Markov chains are very useful and imo so are LLMs, the issue I believe stems from calling it "inteligence" which creates some expectation which is often not met
A lot of humans don't currently trust agents to touch VCS today. I also find that my agent tends to be much better about dealing with jj than it is with git.
And it's much easier for a professional to be forced to use LLMs than jj when it comes to versioning assist (not even comparable in mindshare but the obvious needs to be said sometimes).
So unfortunately I'm afraid jj is not going to achieve critical mass before 99.99% of merges are done by AI which don't need jj.
jj is in the training data for at least Gemini these days. My experience is it uses less tokens to do similar workflows with jj vs git because they are simpler.
Also, remember that humans aren't going away. The touch points are changing but they still exist. The VCS is a common touch point for many and my preferred one. For others I'm sure it's online code review tools. If an agent is operating under my name in my workspace I want to manage it within the confines of my workspace. Once it becomes more agentic and operates as it's own entity I'm sure I'll change my mind but that's not the case today.
I'm one of those people. I don't really use jj, but want to give it another try. Think I'd feel more comfortable letting ai mess with jj because of its excellent ability to undo/redo (op log).
Correction: The use of LLMs has caused every major language usage to explode.
And as mentioned in other comments, Rust slow compilation can be detrimental to LLMs + fast iteration speed. And it's not just speed, Tauri takes 20GB of disk space to compile. It's bonkers. This is npm/js ecosystem all over again but slower.
Another reason to pick Go if you're leaning on LLMs is the standard library. Often you can do more work with fewer dependencies.
I'd rather leverage world class engineers paid by Google to maintain dependencies for me than try my luck with half a dozen of 0.x crates. Plus stdlib APIs can (and are) versioned just like third party dependencies.
Fully agree with this. We use Rust in an enterprise setting for building web app backends and the experience is painful. A lot of crates just seem like someones side project. Too many ways to do things leads to bike shedding in PRs. Compile times are atrocious and can take like 30 mins to build.
Honestly using Go would have got us to the same point much quicker, with code that is much easier to review.
> And it's not just speed, Tauri takes 20GB of disk space to compile
I’ve worked with enough UI frameworks and large applications that this doesn’t sound unreasonable. It’s a smaller disk footprint than I’ve needed for several other C++ codebases with similar scope.
Do you boycott Apple and Google too? Because they have to comply with debatable laws just as Meta.
See drama about Apple maps for Taiwan/China for example.
I just want to point out that it is known that one of the biggest jj proponents on HN does have financial incentive to do so.
Steve Klabnik (the person that submitted this post) comments and posts about jj here often and works for
https://ersc.io (startup mentioned in the post).
So don't be so sure that all of the PR here comes from a pure selfless act. Some of them have income tied to the solution they are preaching.
For core system functionality maybe. But for most applications Rust slow compiler iteration speed becomes a bottleneck when the likes of TypeScript (with Bun) and Go have sub second iteration times.
Plus AI is also good at catching, in other languages, errors that Rust tooling enforces. Like race conditions, use after free, buffer overflows, lifetimes, etc.
So maybe AI will become to ultimate "rust checker" for any language.
In my experience developing different types of applications in Rust, the claims of a "slow compiler" are overstated. Sub second iteration times are definitely a thing in Rust as well, unless you're adding a new dependency for the first time or building fresh.
Our experiences clearly differ then. And for others as well since it's a common complain.
Countless time I have seen other people complain as well. There are articles about it even. Can't find the YouTube link now but recently a gamedev abandoned Rust due to compilation speed alone because iteration speed was paramount to their creative process.
Handwaving isn't going to make it any better. And thinking Go/TS compilation speed are comparable to Rust is, a handwave and a half to say the least.
Cargo check and friends are subpar for AI because they actually need to run the thing and unit tests for efficient agentic loops.

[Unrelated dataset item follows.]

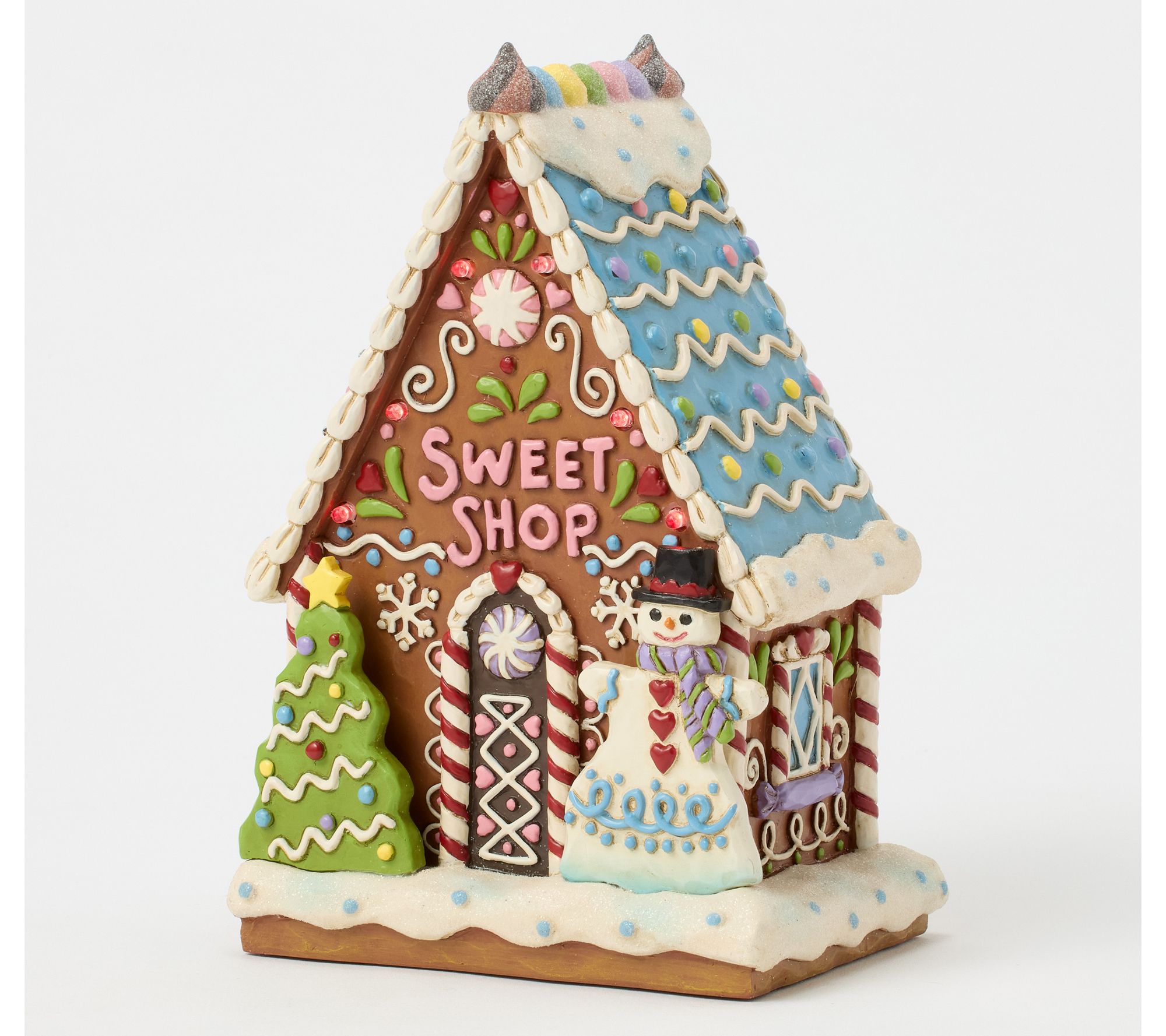 Beneath the soft glow of festive lights, this charming sweet shop brings the spirit of the holidays to your table or mantel. Colorful icing, candies, and cheerful gingerbread details invite sweet moments and warm memories, making it a delightful addition to your seasonal decor. Battery-operated LED illumination ensures it shines wherever you choose to display it. From the Heartwood Creek Collection by Jim Shore.

A single loop might recompile and rerun the application/unit tests enough times that slow compilers like Rust and Scala become detrimental.
I think you could have left it at differing experiences and not gone further saying I'm handwaving anything. That doesn't seem productive.
I'm not saying that Rust compilation time is comparable to Go/TS, I'm saying the blanket claim that Rust iteration speed will be a bottleneck requires context.
I definitely agree with you that it is a complaint that is often repeated online, but that doesn't make it universally true. In my experience it's a claim that is often echoed without proper context.
Particularly in the case of AI Rust recompliation times in my experience have not been the dominant cost, but are instead overshadowed by inference time, the agent working through different approaches, etc.
The productivity increase I get overall by not having to worry so much about if my rust code will work if it compiles tends to net faster iteration speeds for me. Compile times have never bothered me.